A high-speed video camera was used to record the impacts at 1770 frames per second. After each test, we checked the high-speed video to make sure that each test was performed as intended and the headform was not displaced on the platform during the free fall.

We tested the turbans at three impact locations: front, left side, and right side (Fig. 1c). The turban style 1 has a different type of layering at the left and right sides. During the tests, we found that the right side produced much higher accelerations than the left side, producing readings close to the limit of the accelerometers. Therefore, to avoid accelerometer damage, we only tested turban 1 at the right side. To keep the data synchronous, all turbans were tested at the front and left sides, as detailed in Table 1. Each test was repeated three times with a newly wrapped turban. There was no apparent damage to the turbans after the impacts, aside from a few minor friction marks. Consequently, due to the limited supply of turban fabric, we decided to reuse some of the fabric samples, but we re-tied the fabric after each impact to ensure that the same area of the fabric is not subjected to more than one impact.
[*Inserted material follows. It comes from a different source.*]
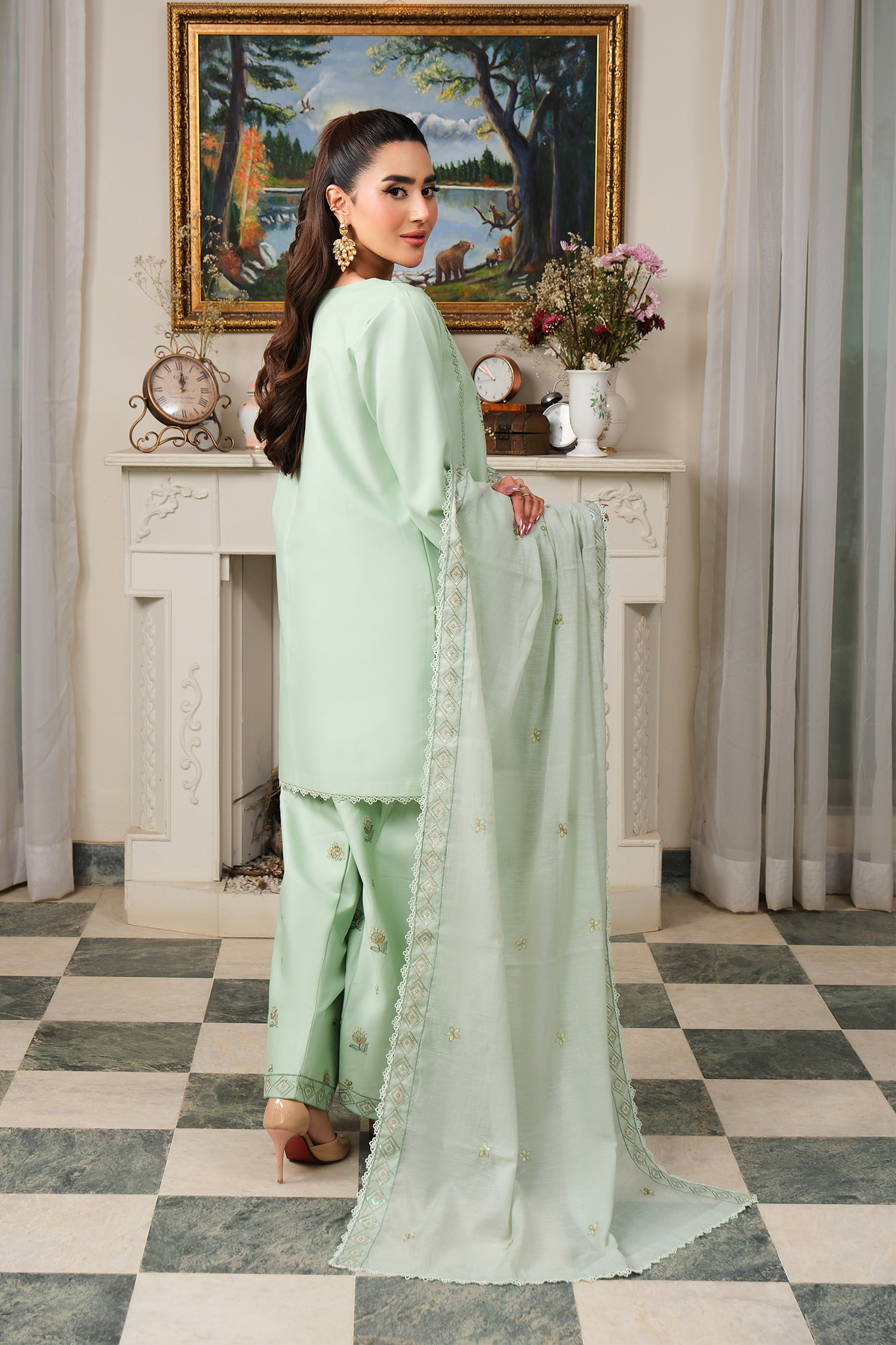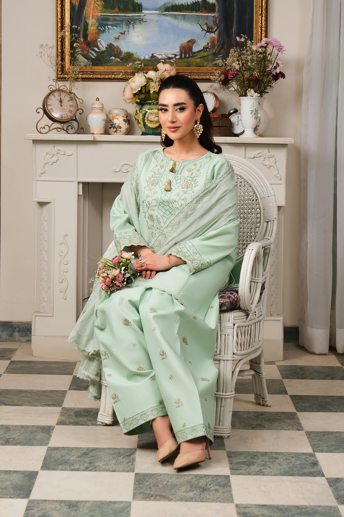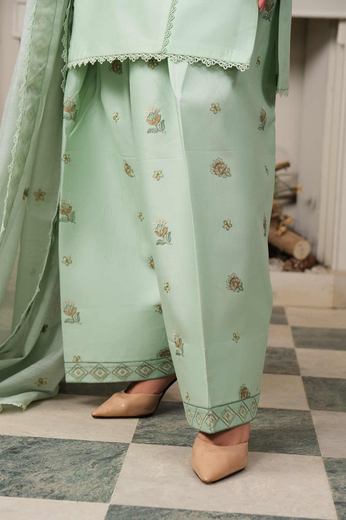 Introducing a Pistachio 3-piece ready-to-wear ensemble, designed with refined elegance and delicate craftsmanship. The straight-cut shirt features intricate embroidery along the neckline and front, while the sleeves and hem are beautifully detailed to create a balanced and sophisticated look.

Brain Injury Metrics Based on Head Kinematics

The kinematics of the headform, measured with the head-mounted sensors, was processed to obtain three metrics that are often used to predict the risk of different types of brain injuries: peak translational acceleration (PTA), peak rotational acceleration (PRA), and peak rotational velocity (PRV). PTA is proportional to the peak force applied to the head and is suitable for predicting the risk of skull fractures and focal brain injuries [10, 11]. PTA is used in all helmet standards, e.g., the European cycle helmet standard EN1078 which defines a 250 g limit for it. Direct or indirect forces can cause rotation of the head, leading to large brain deformations and stretching of different structures such as vessels. In order to extend the assessment of the turban protection against injuries caused by head rotation, we used PRA and PRV. PRA has been suggested as a metric for predicting subdural haematoma (SDH) [12, 13]. PRV has been adopted to predict the risk of diffuse axonal injuries [14, 15]. Since these pathologies are reported for cyclists who sustain a TBI [2, 16], we used all three metrics to evaluate the performance of the turbans and compare it with conventional bicycle helmets.

To investigate the effects of the turban and impact location on turban’s protective performance, we performed two-way ANOVA using turban type and impact location as the factors and the injury metrics as the outcome measure.

Results

Head Kinematics and Injury Metrics

For all impact locations and turbans, an inspection of the high-speed video confirmed that the impacts occurred at the intended location (Figs. 2, 3, and 4). During impact, the turban was compressed continuously, and following head rotation, it detached from the anvil. In all experiments, although slightly distorted, a freshly tied turban remained on the headform after the impact.

Fig. 2
figure 2

Front impact results: a Snapshots from the high-speed videos of all turbans under front impact. b The resultant translational acceleration, rotational acceleration, and rotational velocity time-histories of three repeats for all turbans under front impact. The mean value and CV of the three repeats for each injury metric are shown in each subplot

Fig. 3
figure 3

Left impact results: a Snapshots from the high-speed videos of all turbans under left-side impact. b The resultant translational acceleration, rotational acceleration, and rotational velocity time-histories of three repeats for all turbans under left-side impact. The mean value and CV of the three repeats for each injury metric are shown in each subplot

Fig. 4
figure 4

Right impact results: a Snapshots from the high-speed videos of turban 1 under right-side impact. b The resultant translational acceleration, rotational acceleration, and rotational velocity time-histories of three repeats for all turbans under right-side impact. The mean value and CV of the three repeats for each injury metric are shown in each subplot

The time-histories of the resultant translational and rotational acceleration for all turbans and impact locations indicate the good repeatability of the majority of the impacts, with the coefficient of variation (CV) of peak values across the three repeats remaining below 10% (Figures 2, 3, and 4). However, the CV of PRV for turban 4 under front impact was 18%, and the CV for PRA for turban 2 under left impact was 23%, which indicate poor repeatability of these tests.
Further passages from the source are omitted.